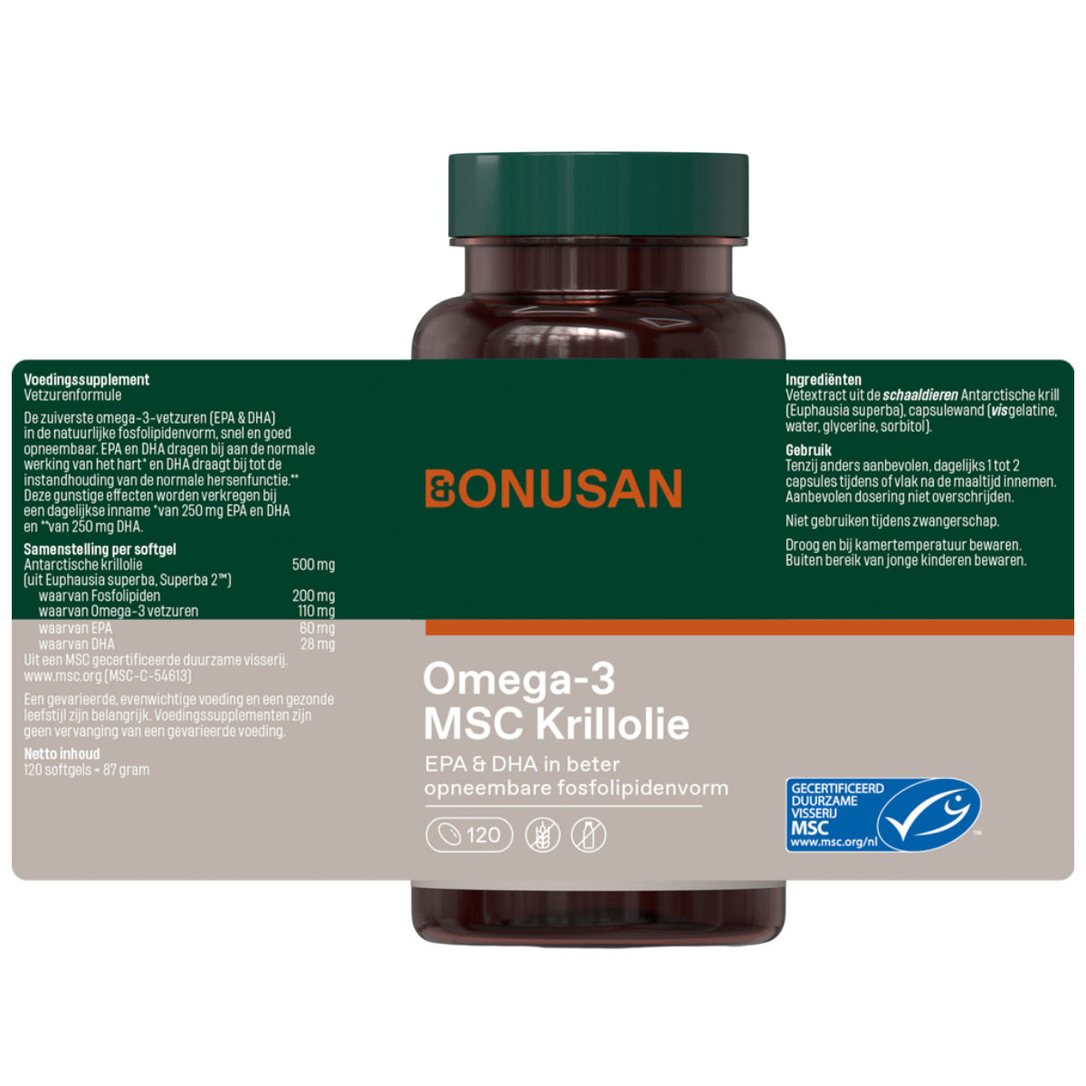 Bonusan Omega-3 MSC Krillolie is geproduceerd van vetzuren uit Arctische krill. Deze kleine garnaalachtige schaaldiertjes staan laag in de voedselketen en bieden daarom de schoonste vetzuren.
▬▬▬▬▬▬
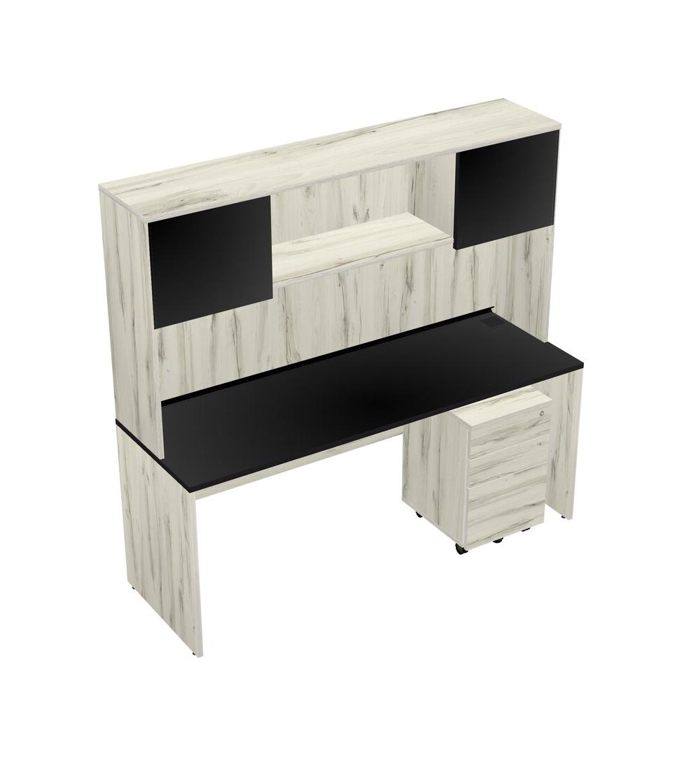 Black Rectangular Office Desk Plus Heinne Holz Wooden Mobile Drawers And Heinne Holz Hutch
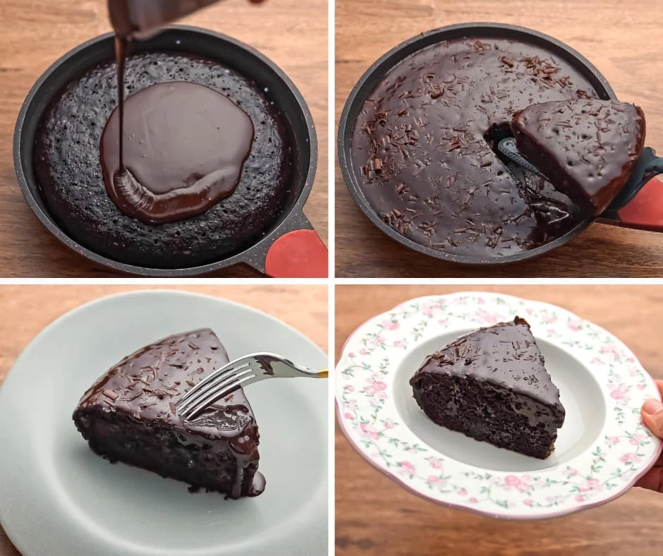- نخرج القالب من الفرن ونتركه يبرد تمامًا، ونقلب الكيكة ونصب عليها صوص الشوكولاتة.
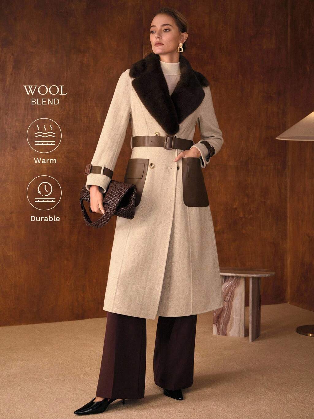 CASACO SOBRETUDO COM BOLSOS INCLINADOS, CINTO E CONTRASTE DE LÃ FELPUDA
▬▬▬▬▬▬
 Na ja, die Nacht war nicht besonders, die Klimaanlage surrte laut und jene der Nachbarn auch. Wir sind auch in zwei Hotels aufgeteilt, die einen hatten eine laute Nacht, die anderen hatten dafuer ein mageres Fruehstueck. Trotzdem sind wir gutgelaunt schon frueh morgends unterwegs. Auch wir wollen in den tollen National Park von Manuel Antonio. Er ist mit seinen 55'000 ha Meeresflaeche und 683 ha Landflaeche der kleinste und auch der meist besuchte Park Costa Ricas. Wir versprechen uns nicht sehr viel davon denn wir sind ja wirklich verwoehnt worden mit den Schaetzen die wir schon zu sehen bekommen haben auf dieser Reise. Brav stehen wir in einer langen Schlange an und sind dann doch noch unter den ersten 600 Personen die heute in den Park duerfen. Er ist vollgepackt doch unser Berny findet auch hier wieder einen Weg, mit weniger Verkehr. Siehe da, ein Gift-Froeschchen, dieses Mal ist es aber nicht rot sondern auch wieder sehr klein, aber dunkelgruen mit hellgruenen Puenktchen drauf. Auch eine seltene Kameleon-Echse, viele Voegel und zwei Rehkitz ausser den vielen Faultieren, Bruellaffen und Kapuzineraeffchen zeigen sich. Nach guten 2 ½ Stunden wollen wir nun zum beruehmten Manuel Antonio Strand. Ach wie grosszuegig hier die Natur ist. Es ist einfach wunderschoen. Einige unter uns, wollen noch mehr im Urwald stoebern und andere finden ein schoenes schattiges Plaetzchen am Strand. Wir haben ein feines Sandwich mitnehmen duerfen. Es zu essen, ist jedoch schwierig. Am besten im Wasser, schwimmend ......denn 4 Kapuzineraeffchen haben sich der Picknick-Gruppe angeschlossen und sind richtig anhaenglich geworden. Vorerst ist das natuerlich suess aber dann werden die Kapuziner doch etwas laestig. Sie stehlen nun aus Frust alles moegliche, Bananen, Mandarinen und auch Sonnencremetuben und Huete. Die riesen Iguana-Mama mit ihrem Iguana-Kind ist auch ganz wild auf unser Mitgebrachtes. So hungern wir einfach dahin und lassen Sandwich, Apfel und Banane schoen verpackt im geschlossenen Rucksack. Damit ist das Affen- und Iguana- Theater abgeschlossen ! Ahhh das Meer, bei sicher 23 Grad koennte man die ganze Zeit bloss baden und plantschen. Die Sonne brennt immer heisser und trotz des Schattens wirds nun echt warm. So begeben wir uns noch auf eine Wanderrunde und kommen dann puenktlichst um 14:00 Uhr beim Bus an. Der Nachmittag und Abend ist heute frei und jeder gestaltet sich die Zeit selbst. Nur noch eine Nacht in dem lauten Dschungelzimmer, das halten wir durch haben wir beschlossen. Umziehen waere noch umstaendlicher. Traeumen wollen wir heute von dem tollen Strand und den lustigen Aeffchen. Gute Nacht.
▬▬▬▬▬▬
WHAT TO WORK ON -> Reproduce, exactly and only, the lines of the records above starting at the line with "Black Rectangular Office" and ending at the line with "CASACO SOBRETUDO COM", both included. Leave every picture out.

SOLUTION TO THIS EXERCISE ->
 Black Rectangular Office Desk Plus Heinne Holz Wooden Mobile Drawers And Heinne Holz Hutch
- نخرج القالب من الفرن ونتركه يبرد تمامًا، ونقلب الكيكة ونصب عليها صوص الشوكولاتة.
 CASACO SOBRETUDO COM BOLSOS INCLINADOS, CINTO E CONTRASTE DE LÃ FELPUDA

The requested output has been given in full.